BSA

Some time ago, a feature request was made that would allow a user to enter a known BSA instead of the patient's actual height and weight. And, while I thought that sounded a little far-fetched at first, I also thought there was some utility in having a way to look up a reasonable length/height for patients in whom measuring this feature is inconvenient or impossible.

So, I came up with this: reverse engineering body surface area.

The tool uses published age and gender-specific normative data for height and weight and calculates a BSA. Then it seeks a match from that data or if a match is not found, reverts to a prediction algorithm (based on splines).
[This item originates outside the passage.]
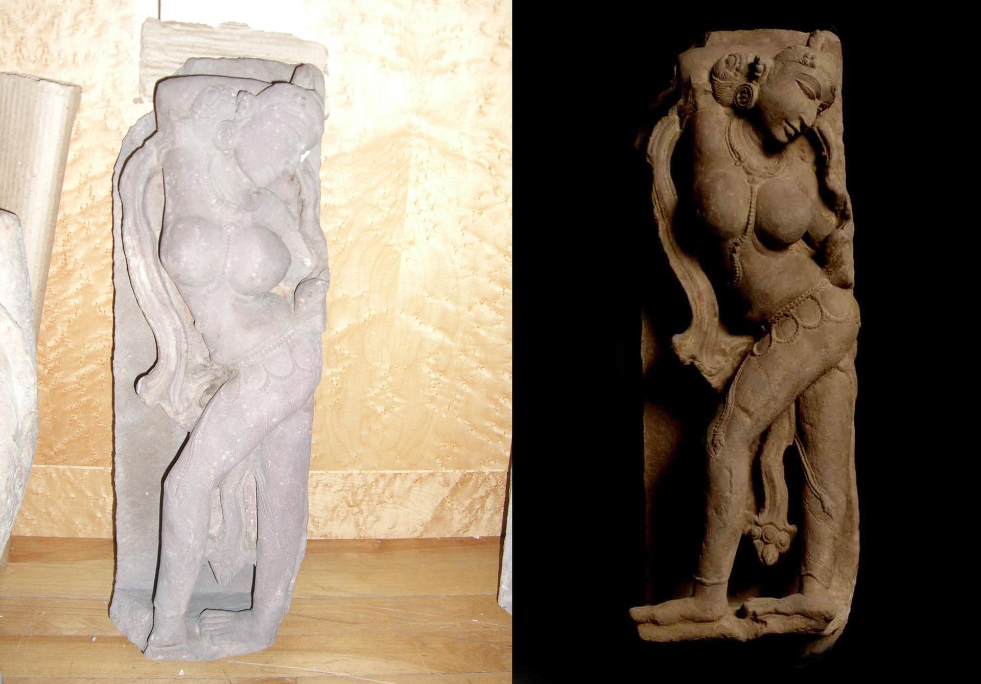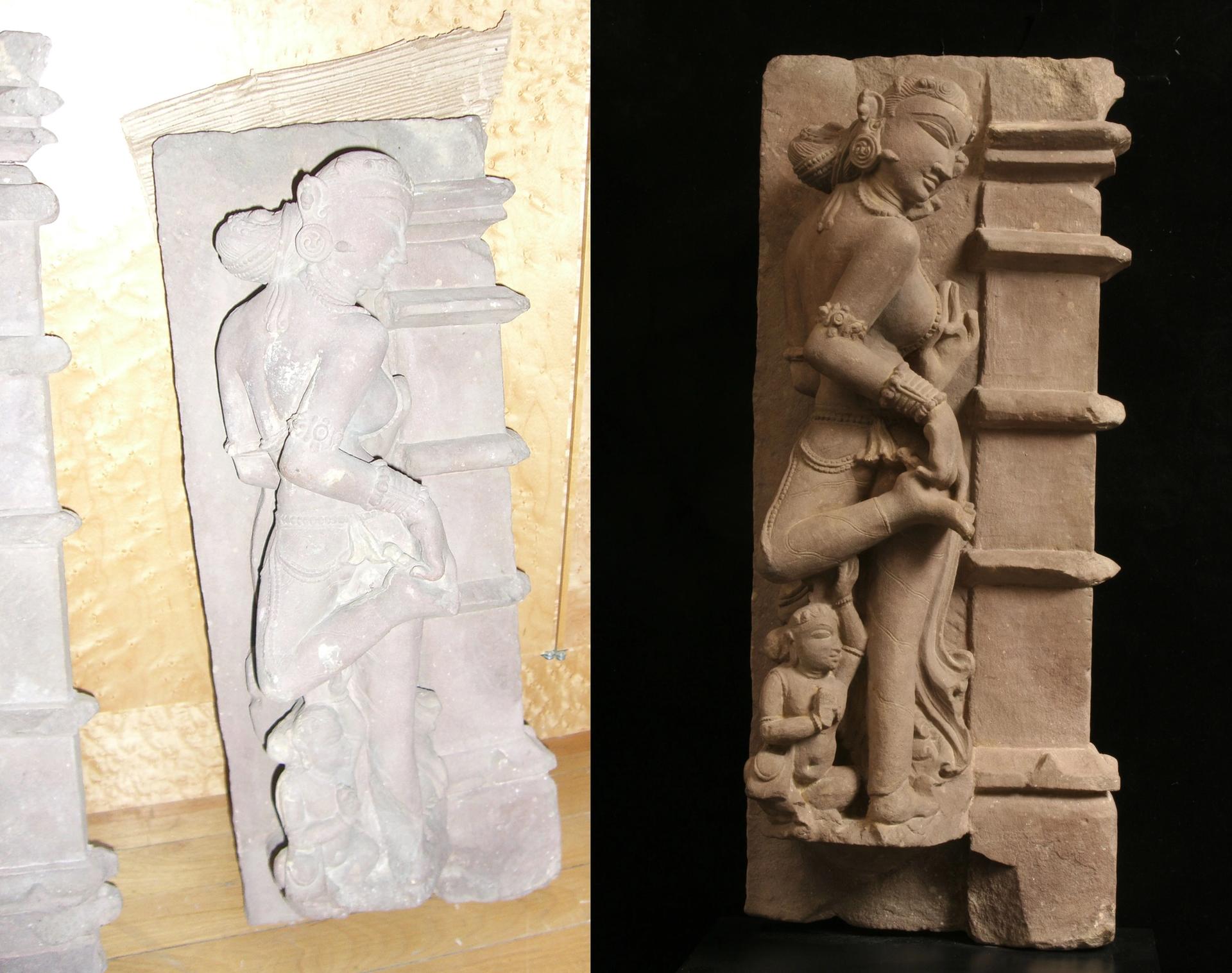 In 2006, nine antiquities stolen were stolen from the Vishnu Varaha Temple in Kari Talai, Madhya Pradesh, India, including a pair of asparas. Prior to their theft, the Archaeological Survey of Indian photographed the works, which were originally attached, and assigned them inventory numbers. The website Plundered Past published the photo and discussed the thefts in a post in 2013. DHS-HSI and DANY photographed the Pair of Apsaras at Sofia Storage, unit 733, in July 2012, but they had not yet been identified as stolen and were not seized.

A little wonky, I know... but it does what I set out to do.

TDI

I also added the age-specific TDI data presented by Eidem et al., JASE 2004, now experiencing it's 10-year anniversary. The RV systolic TDI values can be contrasted against the recently added Koestenberger data. Adding this data was also a feature request and it sort of went against my better judgement to include it. For one thing, I have some reservations about z-scores for measurements of diastolic physiology. Physiology is weird; physiology changes.

For another thing, some of the relationships are tenuous. The "R-squared" value for some of the diastolic parameters is so low that to suggest a relationship exists at all seems, ahhmm, optimistic. Moreover, while the data is analyzed using linear regression, the scatterplots seem to suggest otherwise (at least to me it looks like a non-linear relationship with age—particularly in the very young).

Lastly, I used their published mean and SD values to generate the z-scores. Some of the SD's are so large that the lower limit of normal for some of the measurements is a negative value. Comparing the reference values I generate using this technique and the various figures throughout the article, I can't reconcile the ranges.

I am not the only one that has reservations about what to do with reference values for pediatric diastolic function indices. The recent critical review by Cantinotti et al., sums up the current state of the art:

A valid meta-analysis cannot be performed from published studies, because of variability in the population being studied, in the methodology for performing and normalizing measurements, and in the ways to express normalized data.

Until something new and dramatically better comes along in this scope, this reference will likely be the first and last of the parameterz.com diastolic function z-scores.